BRIEF ::
Using the listing below, please print exactly the lines from the one with "2.到2030年,清洁能源技术的平均资本支出将再下降15%-20%" through the one with "食事は、山の幸と海の幸に、飛騨川で採れた川魚、飛騨牛、朴葉みそは定番料理です。". Leave out every picture.

ENTRIES PROVIDED ::

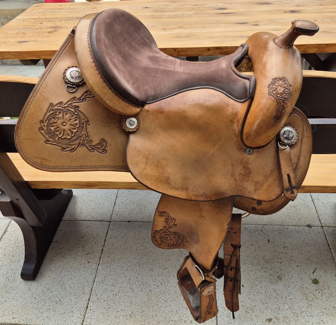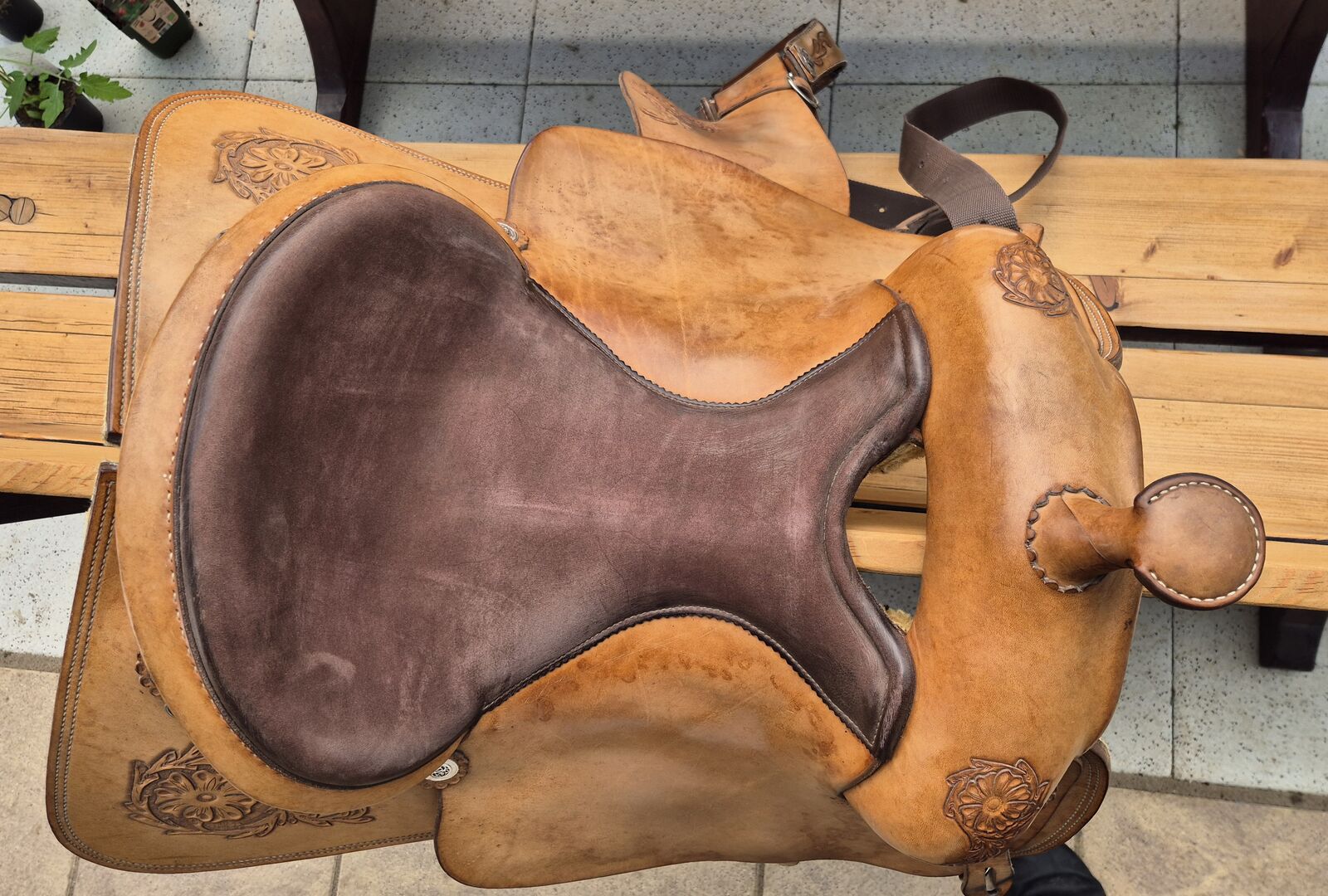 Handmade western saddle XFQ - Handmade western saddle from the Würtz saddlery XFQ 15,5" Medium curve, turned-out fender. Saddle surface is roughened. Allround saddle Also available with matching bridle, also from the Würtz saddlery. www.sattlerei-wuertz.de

...

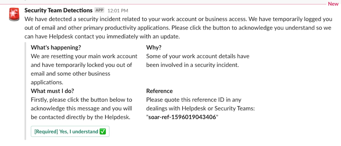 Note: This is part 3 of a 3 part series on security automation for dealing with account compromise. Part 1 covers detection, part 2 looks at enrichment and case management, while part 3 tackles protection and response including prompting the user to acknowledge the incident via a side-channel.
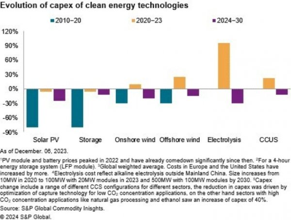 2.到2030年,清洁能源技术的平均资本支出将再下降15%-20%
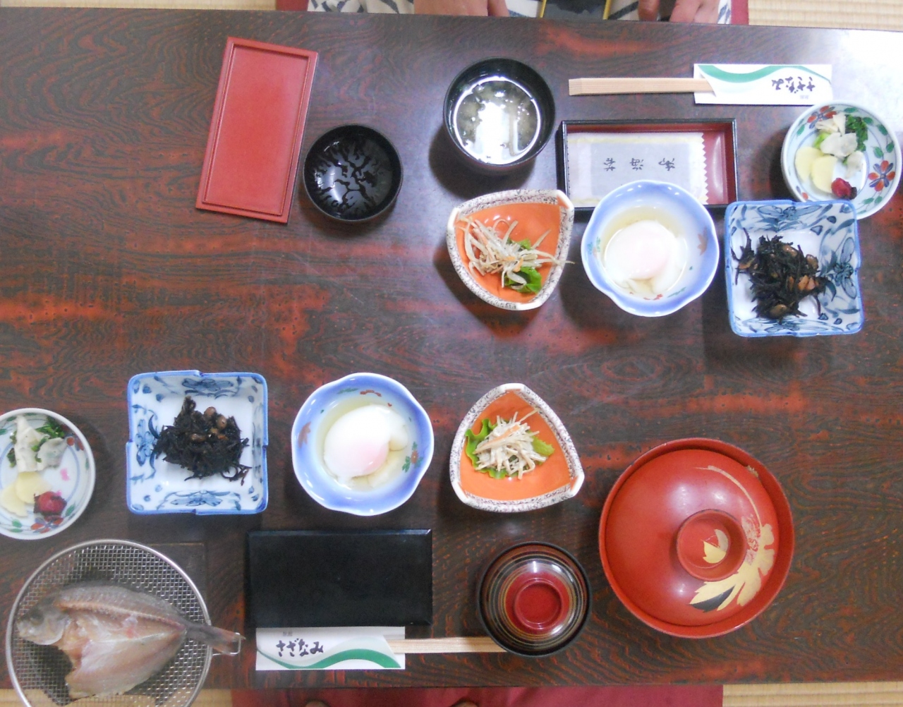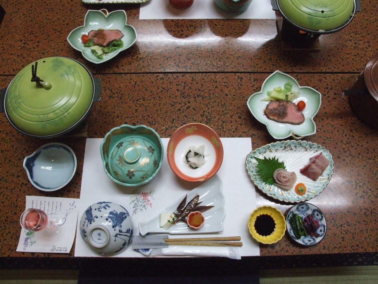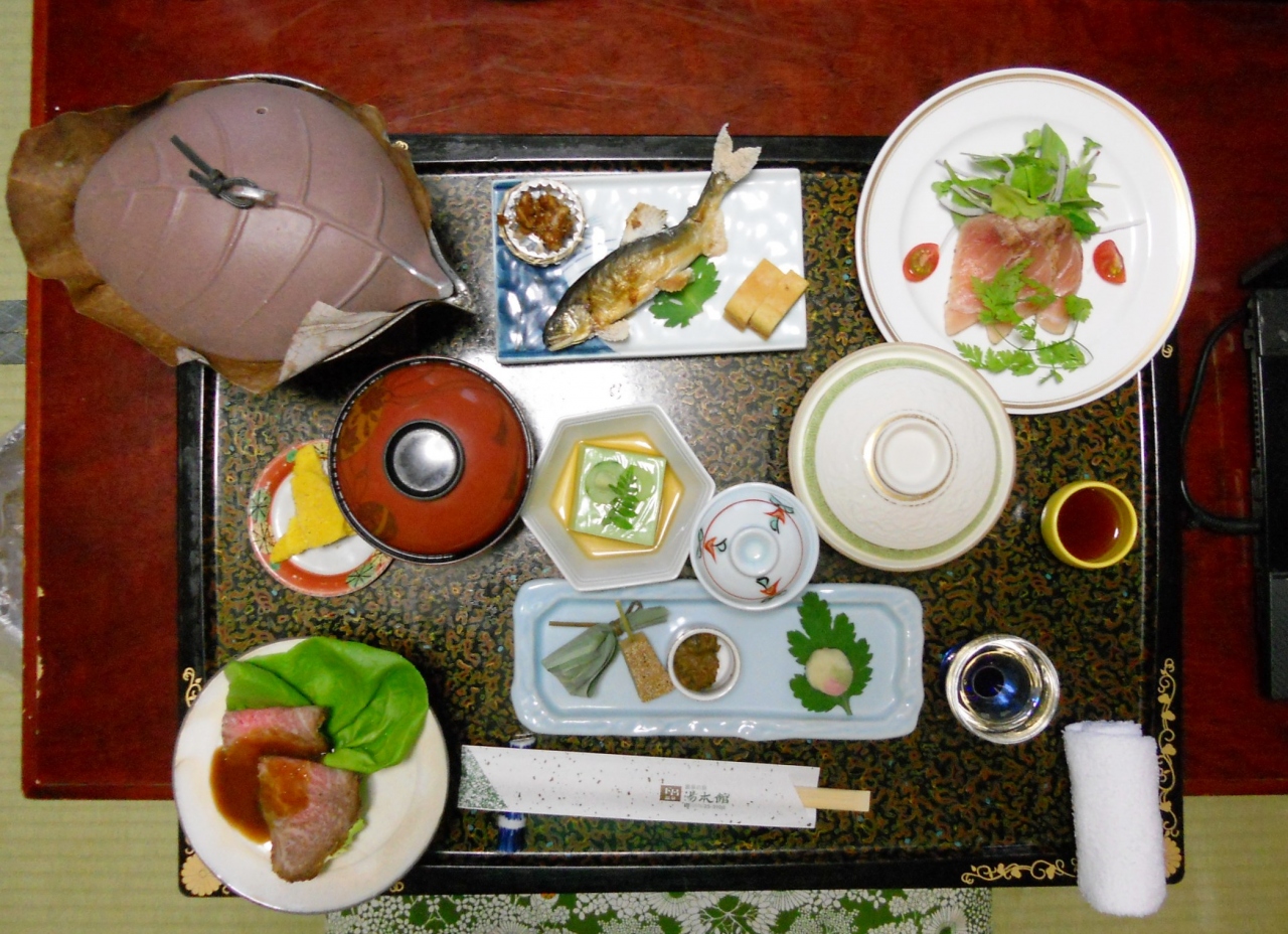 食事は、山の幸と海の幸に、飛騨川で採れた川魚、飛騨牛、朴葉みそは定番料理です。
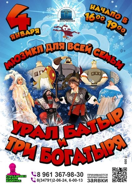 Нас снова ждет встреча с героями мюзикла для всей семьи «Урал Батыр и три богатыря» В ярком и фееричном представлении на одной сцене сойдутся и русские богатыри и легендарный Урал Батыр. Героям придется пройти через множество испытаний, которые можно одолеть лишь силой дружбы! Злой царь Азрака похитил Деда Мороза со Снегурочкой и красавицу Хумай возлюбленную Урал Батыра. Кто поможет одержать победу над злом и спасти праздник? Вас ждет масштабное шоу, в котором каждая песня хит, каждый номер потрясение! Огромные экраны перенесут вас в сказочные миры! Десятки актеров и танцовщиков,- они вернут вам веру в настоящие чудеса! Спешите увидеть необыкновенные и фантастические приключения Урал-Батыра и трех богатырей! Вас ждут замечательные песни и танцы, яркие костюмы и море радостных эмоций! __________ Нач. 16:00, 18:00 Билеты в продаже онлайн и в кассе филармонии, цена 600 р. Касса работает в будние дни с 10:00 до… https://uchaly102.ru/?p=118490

EXERCISE OUTPUT ::
 2.到2030年,清洁能源技术的平均资本支出将再下降15%-20%
 食事は、山の幸と海の幸に、飛騨川で採れた川魚、飛騨牛、朴葉みそは定番料理です。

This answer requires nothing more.